A year before, I had ordered downgrade XP recovery media for Thinkcentre desktop PC and I could keep the media to myself.

Is this policy change recent ?

Re: Recovery Media on Loan only ?

Posted: Thu Feb 25, 2010 11:44 am
by loyukfai
It's a standard procedure if you're talking about Lenovo Hong Kong, I have done it some years ago.

IIRC, you can create a set of recovery discs under Windows yourself (something named "Create Rescue Media"). I've moved to Windows 7 and ditched RnR so I cannot vouch for this.

Cheers.

Re: Recovery Media on Loan only ?

Posted: Thu Feb 25, 2010 3:03 pm
by ZaZ
Just make a copy.

Re: Recovery Media on Loan only ?

Posted: Thu Feb 25, 2010 10:00 pm
by pkreli
Yes it is from Lenovo Hong Kong.

I'd thought any media I received will be mine to keep. But apparently, there are two choices. Either I can loan them or I can buy them.

I received them yesterday and restored the laptop and created a new set for myself as well.

<promotion of site not allowed>.com is selling Windows 7 upgrade media for only $39 that they say can be used "For all Thinkpads & Thinkstations with a Valid Windows XP / Vista License".

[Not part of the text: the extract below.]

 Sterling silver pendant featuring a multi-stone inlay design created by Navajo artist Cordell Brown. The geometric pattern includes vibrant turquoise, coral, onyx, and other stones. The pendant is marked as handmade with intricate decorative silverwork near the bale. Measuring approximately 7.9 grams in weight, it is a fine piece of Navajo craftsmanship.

Looks like a good deal to upgrade my two thinkpads to Win 7 (T43 with Win XP Pro and T61 with Vista Business).

But I was wondering, what will be the state of the license ? Is it really properly licensed and valid ? Because the price seems too good to be true when a retail Win 7 upgrade license costs $199.

Re: Recovery Media on Loan only ?

Posted: Thu Feb 25, 2010 10:37 pm
by bill bolton
pkreli wrote:<promotion of site not allowed>.com is selling Windows 7 upgrade media for only $39 that they say can be used "For all Thinkpads & Thinkstations with a Valid Windows XP / Vista License".
A "legal and valid licence" only exists if you have a CoA for the exact same version of the operating system on your ThinkPad.

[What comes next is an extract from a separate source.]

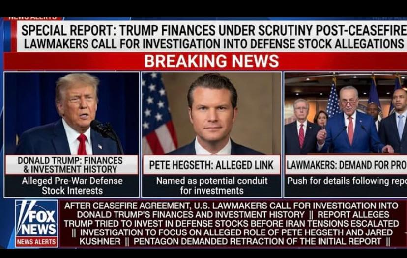 BREAKING: After Ceasefire Agreement, U.S. Lawmakers Call for Investigation Into Donald Trump’s Finances and Investment History after Report he may have tried to invest in defense stocks before the war in Iran began through Pete Hegseth Jared Kushner— Which the Pentagon demanded be RetractedBREAKING: After Ceasefire Agreement, U.S. Lawmakers Call for Investigation Into Donald Trump’s Finances and Investment History after Report he may have tried to invest in defense stocks before the war in Iran began through Pete Hegseth Jared Kushner— Which the Pentagon demanded be RetractedBREAKING: After Ceasefire Agreement, U.S. Lawmakers Call for Investigation Into Donald Trump’s Finances and Investment History after Report he may have tried to invest in defense stocks before the war in Iran began through Pete Hegseth Jared Kushner— Which the Pentagon demanded be Retracted

Only if you a CoA for a specific version of Win 7 CoA already attached to your ThinkPad, would you then be able to use a factory recover disk set for the exact same specific version of Windows 7 on it.

Cheers,

Bill B.

Re: Recovery Media on Loan only ?

Posted: Fri Feb 26, 2010 12:48 am
by loyukfai
I think it's too good to be true, if you intend to stay within the licence terms.

The cheapest upgrade option to Windows 7, sans educational or institutional discounts, is probably the Home Upgrade pack which asks for about $150 for a 3-user upgrade license, which only available in certain markets and while stock lasts.

Cheers.

Re: Recovery Media on Loan only ?

Posted: Fri Feb 26, 2010 10:48 am
by loyukfai
BTW, if I recall and understood correctly, there was a mistake by Lenovo (HK-only? Not sure...), that there was a loophole in the Windows 7 upgrade kit ordering system, and they shipped some kits (with legit CoA) without proper checks. Could it be related to the dubious website you mentioned above...?

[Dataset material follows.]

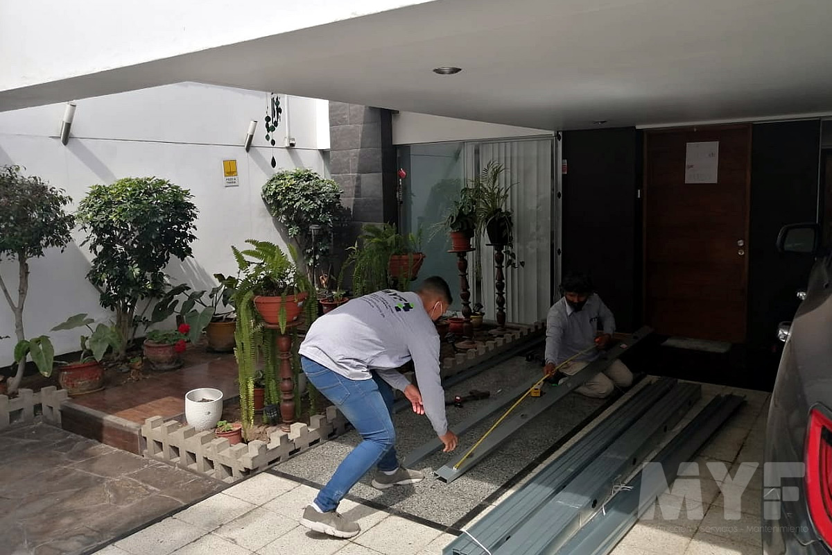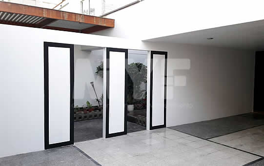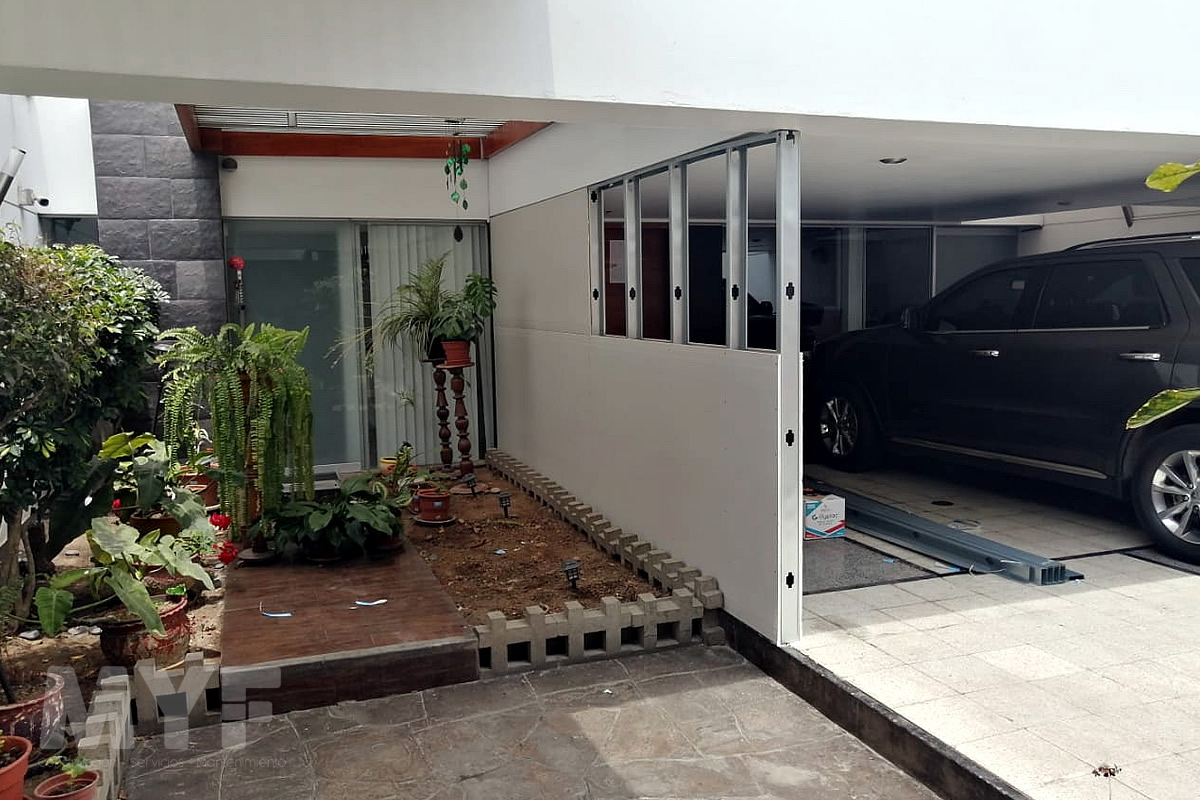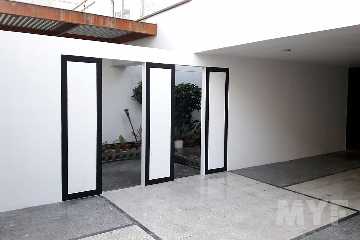 Instalación de drywall, jardín vertical y división en puertas de madera.

Re: Recovery Media on Loan only ?

Posted: Thu Mar 04, 2010 12:51 pm
by hellosailor
Bill-
"A "legal and valid licence" only exists if you have a CoA for the exact same version of the operating system on your ThinkPad. "
No argument there, but the MS Fulfillment Dept, which sells repalcement media for folks who have lost it, will point out that even if you have an OEM or Branded-OEM installation of Vista, the retail media will work AND they will activate and validate with your OEM COA.
Apparently this is legal (at least with the US licenses, other geogrpahies do vary) and the only real issue os that of course it will be a retail install without the Lenono drivers and applets.

I'd copy the discs and store the copies away--after installing from them, to make sure the copies work--just in case there's another failure downline. And of course, the recovery discs that are made by the cleverly hidden option in Vista itself should be sufficient for future use...hahaha.

Microsoft still hasn't learned what Lotus learned with Lotus123 v.1.0: If you protect the media aggressively enough, you'll just piss off the users who are having legitimate problems, and once you've done that, they tend to support the black side. There are better ways to breed loyalty and make profits.